Ни тот, ни другой нового письма не написали (или его на напечатали!). Во всяком случае в "истории вопроса" и они остались в числе осудивших меня и мои взгляды.
12-13-я книжка "За Свободу" почти целиком была посвящена некрологам: Авксентьеву, Милюкову, Кролю, Эрлиху и Адлеру, Ингерману. Мое сотрудничество в "За Свободу" продолжалось из книжки в книжку до самого прекращения журнала на 18-м номере в июле 1947 года, уже по окончании войны. Эта последняя книжка была самой объемистой.
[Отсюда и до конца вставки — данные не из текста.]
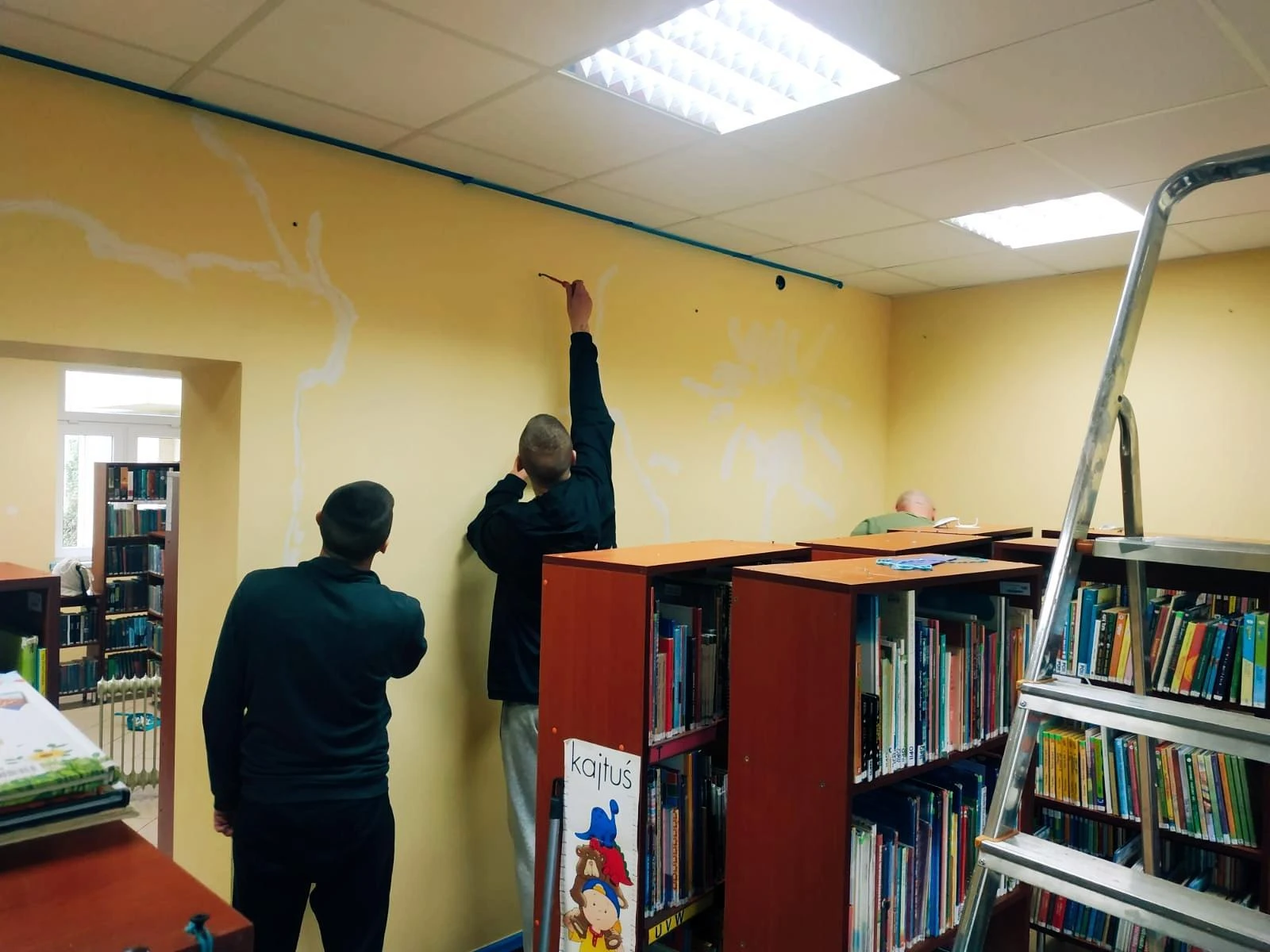 Sześciu skazanych, którzy po raz pierwszy odbywają karę pozbawienia wolności w Zakładzie Karnym w Przytułach Starych w ciągu jednego dnia pomalowało dwie sale. Ich zaangażowanie oraz staranność spotkały się z ogromnym uznaniem ze strony pracowników biblioteki.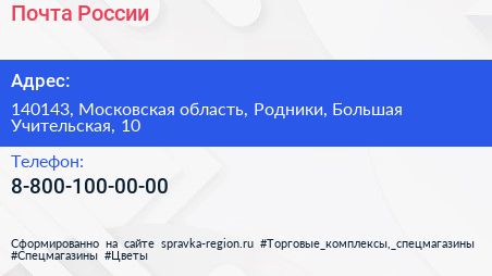 Почта России по адресу 140143, Московская область, Родники, Большая Учительская, 10 в дальнейшем Организация, размещена в следующих категориях: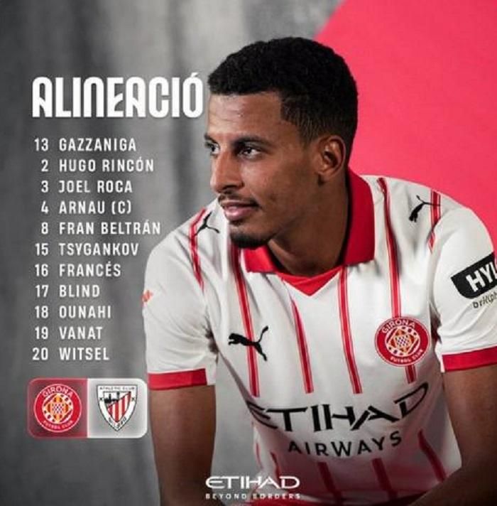 Жирона: Гассаніга – Рінкон, Франсес, Блінд, Арнау – Вітсель, Бельтран – Циганков, Унахі, Рока – Ванат
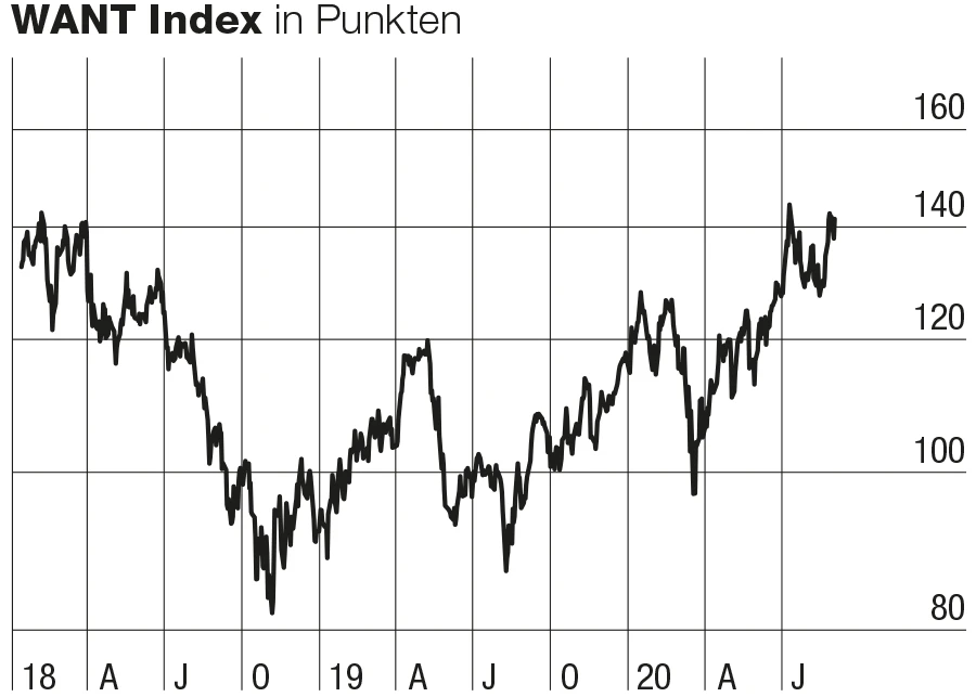 Im Corona-Crash war der WANT Index bis auf 97,09 Punkte gefallen. Doch seitdem befindet sich das Aktienbarometer wieder in einem intakten Aufwärtstrend. Seit dem März-Tief beträgt das Kursplus satte 46 Prozent. Auch das Allzeithoch vom 9. Juli bei 146,62 Punkten ist nicht mehr in weiter Ferne. Aufgrund der sich zuletzt wieder robust präsentierenden Wirtschaft in China könnte ein neues Rekordhoch schon bald erreicht werden. DER AKTIONÄR hat in Ausgabe 19/2020 ein Long-Zertifikat mit der WKN MC6CNU auf den WANT Index empfohlen. Seitdem hat das Papier rund 34 Prozent zugelegt. DER AKTIONÄR passt nun Ziel- und Stoppkurs an. Neues Ziel: 12,50 Euro. Neuer Stopp: 7,00 Euro.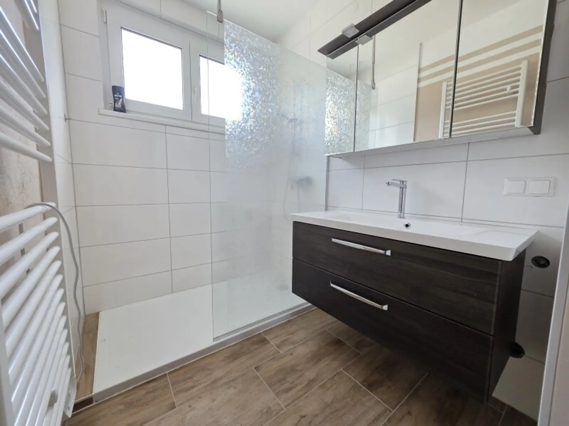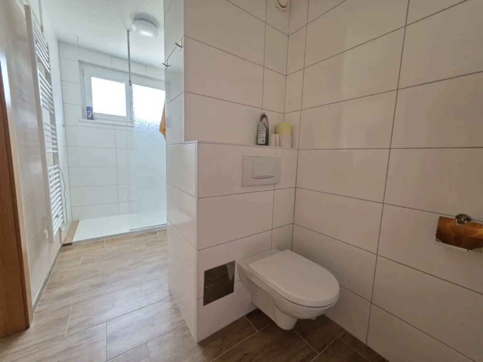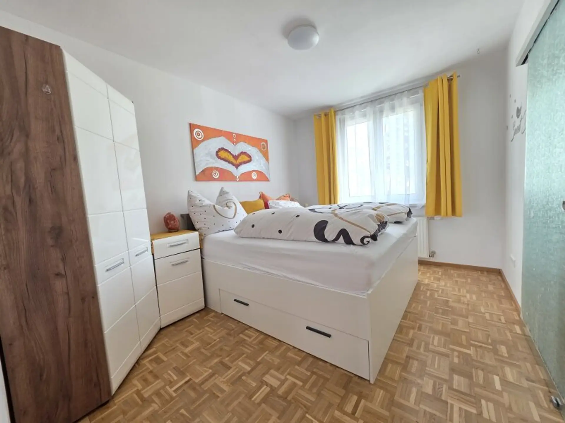 Ein besonderes Highlight ist das praktisch gestaltete Badezimmer, das sowohl vom Vorraum als auch direkt vom Schlafzimmer über eine Schiebetür zugänglich ist. Diese durchdachte Lösung sorgt für zusätzlichen Komfort und Privatsphäre.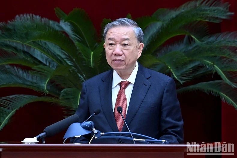 Về phương hướng, giải pháp chiến lược, Tổng Bí thư, Chủ tịch nước Tô Lâm lưu ý: “Tập trung hoàn thiện quan hệ sản xuất, trọng tâm là tinh gọn bộ máy tổ chức Đảng, Nhà nước, Quốc hội, các tổ chức chính tri-xã hội để hoạt động hiệu lực, hiệu quả; đổi mới phương thức lãnh đạo, cầm quyền của Đảng để đưa dân tộc ta tiến lên. Đẩy mạnh phân cấp, phân quyền với phương châm “địa phương quyết, địa phương làm, địa phương chịu trách nhiệm”, Trung ương, Chính phủ, Quốc hội tăng cường hoàn thiện thể chế, giữ vai trò kiến tạo và tăng cường kiểm tra, giám sát. Đồng thời, cải cách triệt để thủ tục hành chính; khơi dậy động lực, tinh thần cống hiến vì đất nước, khơi thông mọi nguồn lực xã hội, nguồn lực trong nhân dân; đẩy mạnh chuyển đổi số, chuyển đổi xanh, lấy khoa học công nghệ, đổi mới sáng tạo làm động lực chính cho phát triển, có cơ chế tập trung định hướng vào công nghệ, nhất là công nghệ nguồn, công nghệ lõi...; phát triển phải có trọng tâm, trọng điểm, không dàn trải; chủ động tích cực tranh thủ các nguồn lực bên ngoài, kết hợp sức mạnh dân tộc với sức mạnh của thời đại”.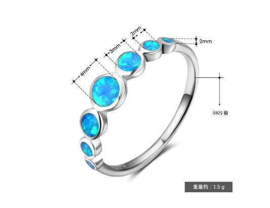 Opal Inlay Silver Band Ring | White & Blue Opal Ring | Opal Wedding Band Gift for Her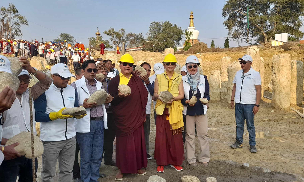 विश्व शान्ति धाम निर्माणमा सक्रिय महागुरु श्याल्पा तेन्जिग रिन्पोछे, लुम्बिनी विकास कोषका उपाध्यक्ष डा. ल्यारक्याल लामा, अमेरिकन दूतावासका प्रवक्ता जेहरा नाक्वीले शनिवार ढुंगा बिच्छाएर धाम निर्माणको पुन सुरुवात गरेका हुन् । उनीहरुले सुरुवात गरेपछि कार्यक्रममा सहभागीले पालैपालो श्रमदानमा सहभागी भएका थिए ।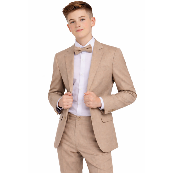 Dress him sharp for every special occasion with our boys’ light khaki bow tie suit – perfectly tailored, sleek, and comfortable enough for all-day wear. With smart details, it’s ideal for weddings, parties, school events, and formal photos. Timeless style, grown-up look, kid-friendly fit. Dress him in a tux that makes him feel confident and look unforgettable.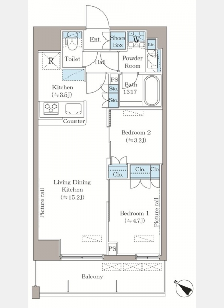 LDK 15.2 畳 洋室 3.2 畳 洋室 4.7 畳 |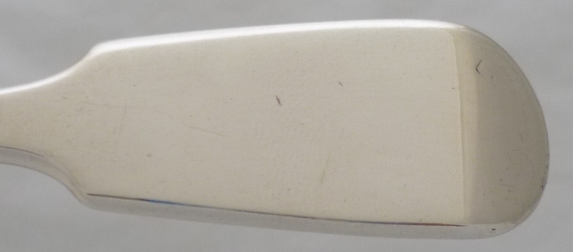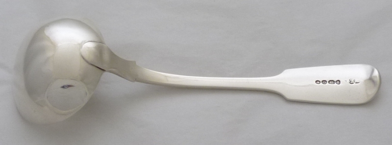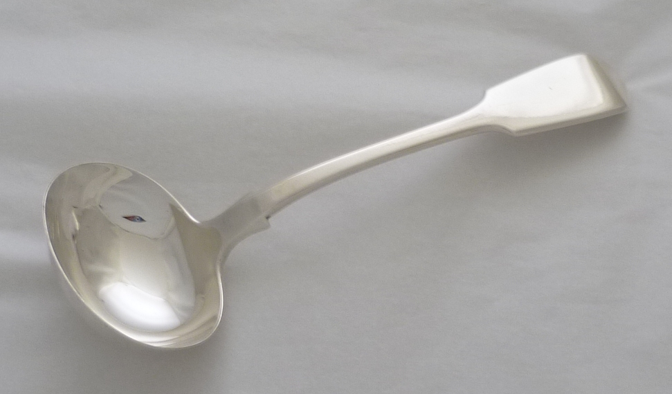 Heavy Victorian silver Fiddle pattern sauce ladle, no engravings but probable well executed frontal erasure. |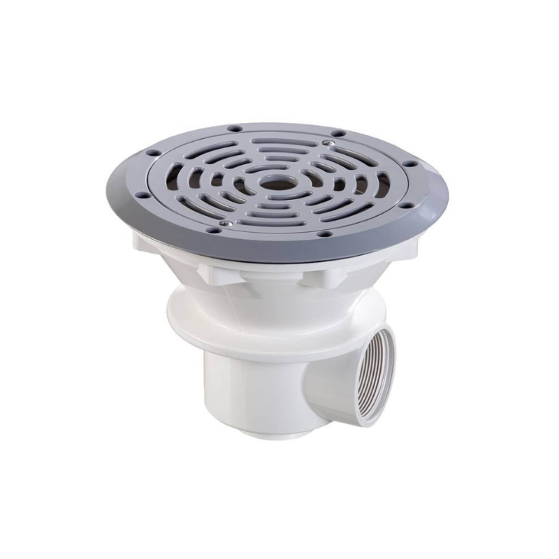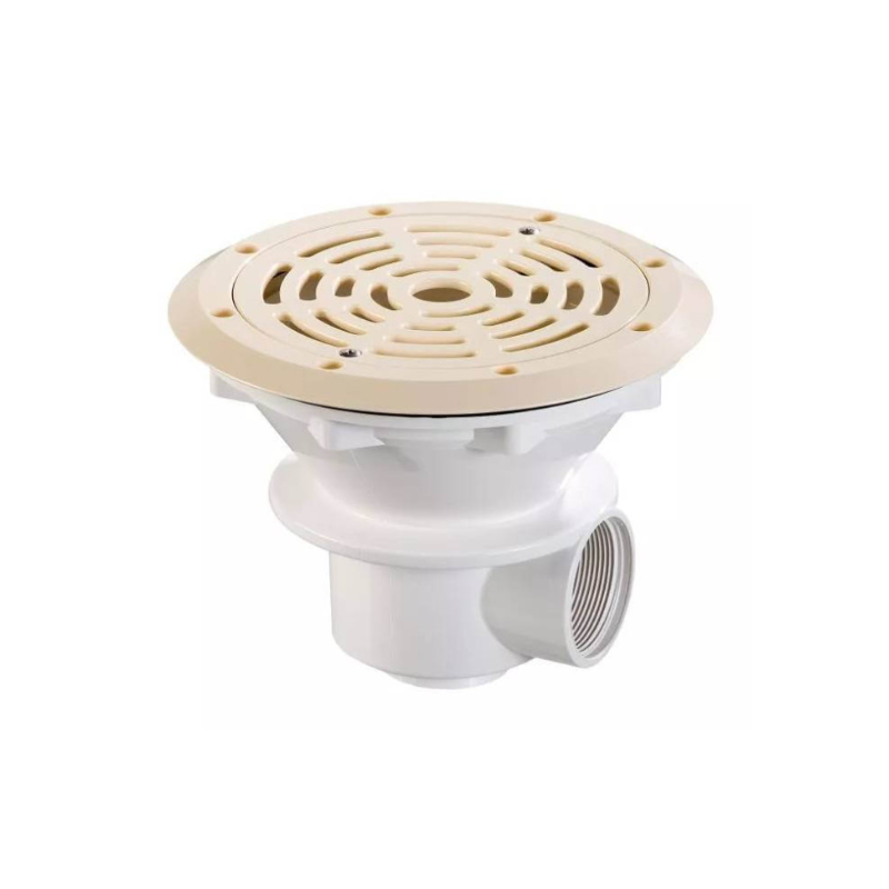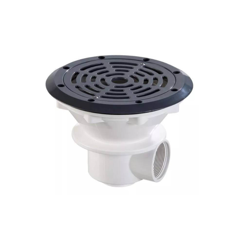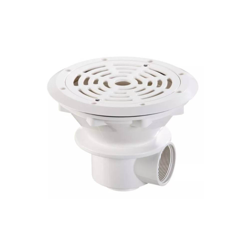 En ABS blanc. Sortie latérale 2” et sortie inférieure 1"1/2. Sortie inférieure fermée. Possibilité de montage d'un tube de drainage ( - Ref.. 43502). Débit maximal de 11 m3/h.

Последние два листа в ней посвящены были "Расстрелу А. Гоца и М. Либера" на основании только что {175} дошедших в Нью-Йорк сведений от заслуживавшего всяческого доверия скандинавского социалиста, который свидетельствовал, что в октябре 1937 года видел Гоца и Либера и слышал от них, заключенных вместе с ним и 10-ю тысячами других узников в тюрьме Алма-Аты, что с них снят был допрос и они прошли "нечеловеческие муки". Вместе с обращением нашей нью-йоркской партийной группы Заграничной делегации РСДРП к общественному мнению мира, на печатано было в выдержках "Письмо свидетеля" - упомянутого выше скандинавского социалиста (Не могу не оговорить, что дошедшие до меня много позднее сведения из родственных Гоцу кругов, как будто вполне достоверных, не подтвердили сообщения скандинавского социалиста о расстреле после нечеловеческих мук Гоца и Либера. Засекречение советской властью своих злодейств лишает возможности проверить и установить подлинный факт, даже когда он благоприятствует ей.).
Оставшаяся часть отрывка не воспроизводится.